Rembrandt: The Consummate Etcher and other 17th Century Printmakers

The following is a Press release received from the Arkell Museum at Canajoharie 

Rembrandt: The Consummate Etcher and other 17th Century Printmakers at the Arkell Museum at Canajoharie March 1, 2016 – May 29, 2016

rembrndt

Rembrandt Van Rijn (1606-1669) The Pancake Woman, 1635 etching

 

(Canajoharie, NY) The Arkell Museum at Canajoharie reopened on March 1, 2016 with the special exhibition Rembrandt: The Consummate Etcher and Other 17th Century Printmakers. This exhibition, organized by the Syracuse University Art Galleries, brings together the printed work of Rembrandt and fifteen of his contemporaries.

Rembrandt is generally considered one of the most important figures in western art history. This ranking has been remarkably stable in the three hundred years since his death and is due, in part, to his virtuoso style, the wide range of subject matter he dealt with in his work, and his prolific output. Typically, it is his painting that garners the most attention with the public, but his etchings demonstrate the same genius, variety of subjects, and vitality, that he generated with his brush. The prints in this exhibition are arranged in thematic groups, landscapes, genre, portraits, and religious subjects, so that visitors may discover how different artists approached these themes and adapted their media to the subjects.

During the 17th century engravings and etchings were the most common form of prints created. The woodcut had fallen out of favor, mezzotints were introduced late in the century, and lithography was not yet invented. Book production had increased dramatically in Europe and the need for quality reproductions that could be made by the thousands had helped establish the engraver as an important craftsman. Very talented people entered the trade and the technology of making graphic facsimiles improved throughout the century.

In general, engraving was the medium of choice for the reproduction of paintings, drawings, and sculpture. Artists could hire engravers to copy their paintings and then circulate these prints throughout Europe, thus increasing their fame and commissions. Several artists had very active print programs including Peter Paul Rubens, who employed numerous engravers to reproduce many of his paintings.

Those painter/printmakers who wished to make original designs in print often-preferred etching because they did not need a craftsman to interpret their work. The prepared plate was treated like a piece of paper and the artist had the opportunity to draw his design directly on the plate with great freedom. Rembrandt took full advantage of this feature and created nearly 300 original etchings during his career.

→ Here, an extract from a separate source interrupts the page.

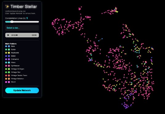これにより、従来のように個別に試聴しながら音を探すのではなく、関係性を俯瞰しながら目的の音や類似した音へと効率的にたどり着くことが可能になります。さらに、カテゴリ情報を保持しながらも、それに縛られない横断的な探索を可能にしており、ジャンルを越えた新たな音の組み合わせや発見を促します。

He often experimented with the medium and attempted to achieve surface characteristics that would enhance his images. If the desired effects were not achieved to his satisfaction Rembrandt would continue to manipulate the plate to fit his needs. He would often make alterations to the image and to determine if the changes improved the design, ‘state’ impressions were printed. Many of the etchings went through numerous states, as many as ten, before he was satisfied with the results. Rembrandt was also very selective about the paper used for the editions of his prints; sometimes he used expensive Japanese papers that had been imported to Holland. Rembrandt’s command of the medium combined with his ability to convey emotion, either personal or interpretative, which gave him special rank in the 17th century and keeps him distinctive today.

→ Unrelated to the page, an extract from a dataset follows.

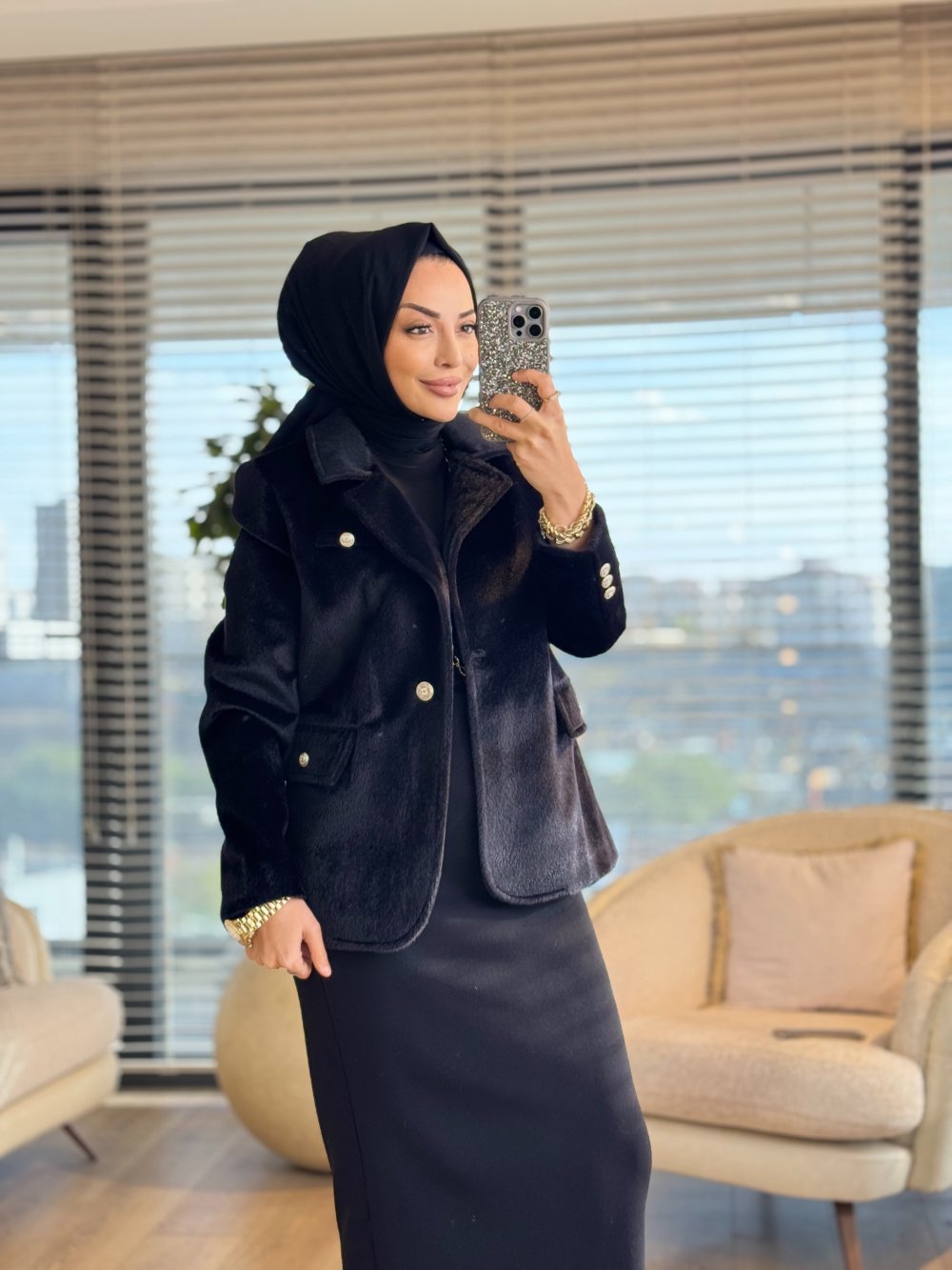 1005252 Tilki Tüylü Blazer Ceket Siyah

In addition to special changing exhibitions, the Arkell Museum’s permanent collection is always on view in the original Canajoharie Gallery. Paintings in this permanent exhibition include remarkable works by Winslow Homer, George Inness, American Impressionists and members of The Eight.

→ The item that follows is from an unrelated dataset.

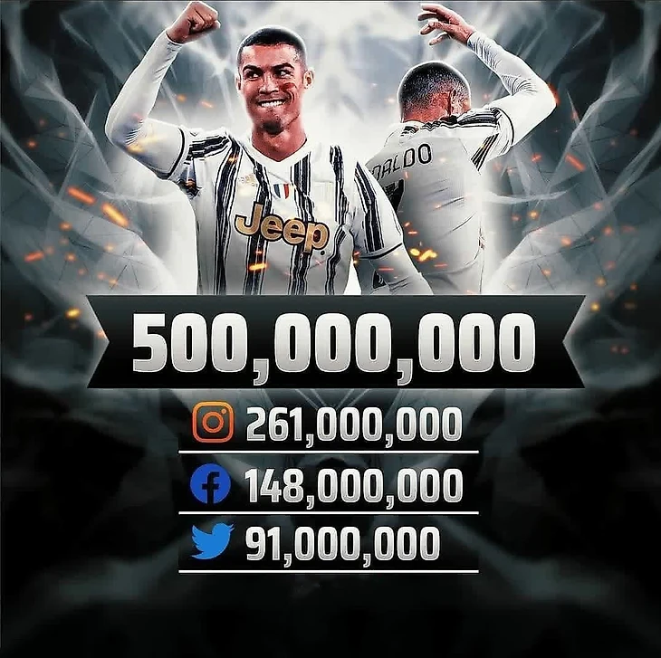 Криштиану Роналду первый, кто набрал 500 млн фолловеров в социальных сетях 📱

The original gallery also features a full-scale replica of Rembrandt’s so-called Night Watch which was commissioned by Bartlett Arkell for the not-yet-built Canajoharie Gallery. The director of Holland’s Rijksmuseum (the owner of the original painting) recommended the Amsterdam artist, Martin Korpershoek, as a copyist because of his fidelity and ability to capture the spirit of the original works he copied. Kopershoek’s copy was well received when the Canajoharie Gallery opened in 1928—and the unique painting has been on constant display in this space since that time.